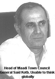 Maadi's Green attributes much of the damage to the "loose or inadequate" enforcement of laws by local officials. "There is a big gap between the current state of the environment and the targets of cleanliness set by the government." Harsh words confirmed later in the day, when Nile TV arrived at the Town Council's offices off Road 77 to interview General Kotb, only to find the entire area covered with garbage. "The trash you see is not in Maadi. It is in Bassatine." explained an embarrassed General Kotb. "You see, my responsibility as Chief of Maadi's Town Council ends at Road 77 which forms the boundary line between the two districts." So much for think globally!
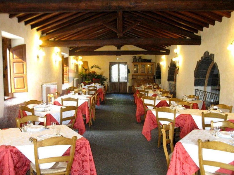 * Dettagli di Lusso Rurale: Il ristorante vanta originali pavimenti in pietra lavica a vista, creando un'atmosfera suggestiva e autentica.
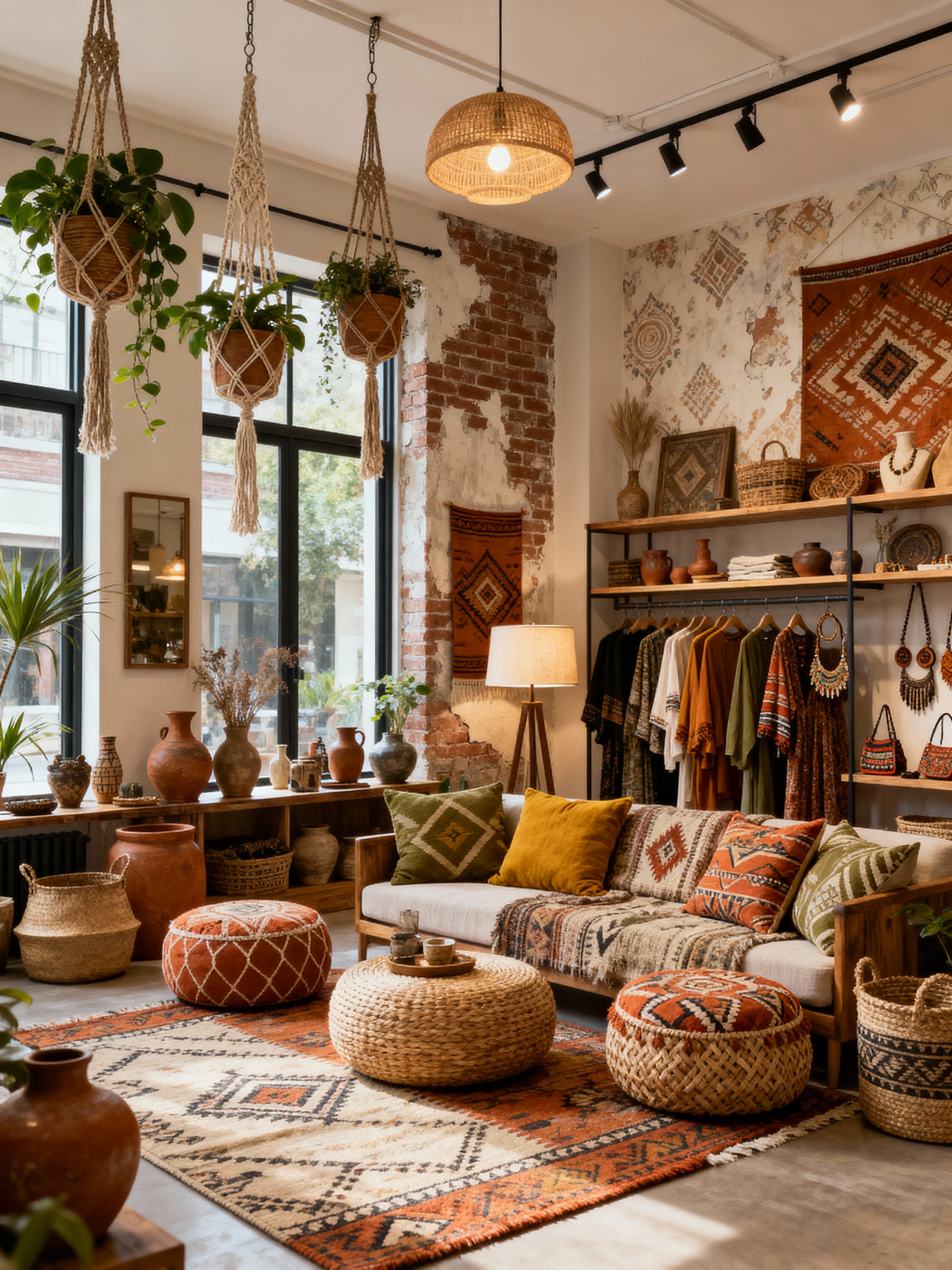 clothing store with modern boho style . with wood decor and woven textures and airy space and patterns and expressive decor and collected look and hanging plants and handcrafted items
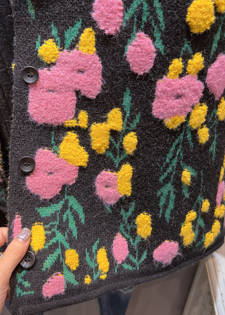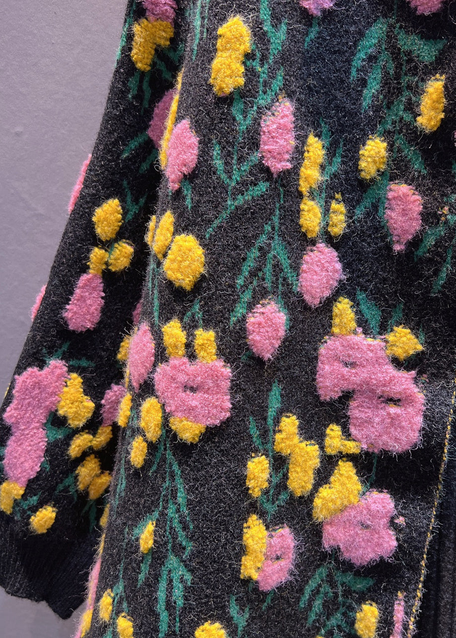 Black Cozy Patchwork Loose Knit Coat O-Neck Spring
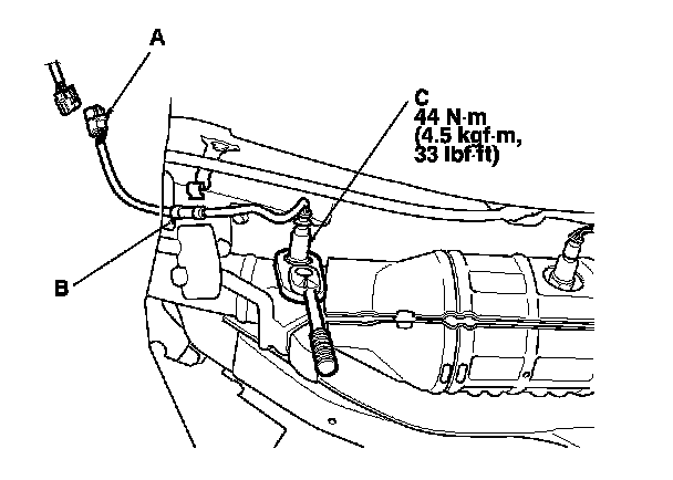 1. Disconnect the A/F sensor 4P connector (A) and the clip (B), then remove the A/F sensor (C).

**Problem details:** Return the data above in its exact wording, with none of the pictures.

**Answer space:**
 Maadi's Green attributes much of the damage to the "loose or inadequate" enforcement of laws by local officials. "There is a big gap between the current state of the environment and the targets of cleanliness set by the government." Harsh words confirmed later in the day, when Nile TV arrived at the Town Council's offices off Road 77 to interview General Kotb, only to find the entire area covered with garbage. "The trash you see is not in Maadi. It is in Bassatine." explained an embarrassed General Kotb. "You see, my responsibility as Chief of Maadi's Town Council ends at Road 77 which forms the boundary line between the two districts." So much for think globally!
 * Dettagli di Lusso Rurale: Il ristorante vanta originali pavimenti in pietra lavica a vista, creando un'atmosfera suggestiva e autentica.
 clothing store with modern boho style . with wood decor and woven textures and airy space and patterns and expressive decor and collected look and hanging plants and handcrafted items
 Black Cozy Patchwork Loose Knit Coat O-Neck Spring
 1. Disconnect the A/F sensor 4P connector (A) and the clip (B), then remove the A/F sensor (C).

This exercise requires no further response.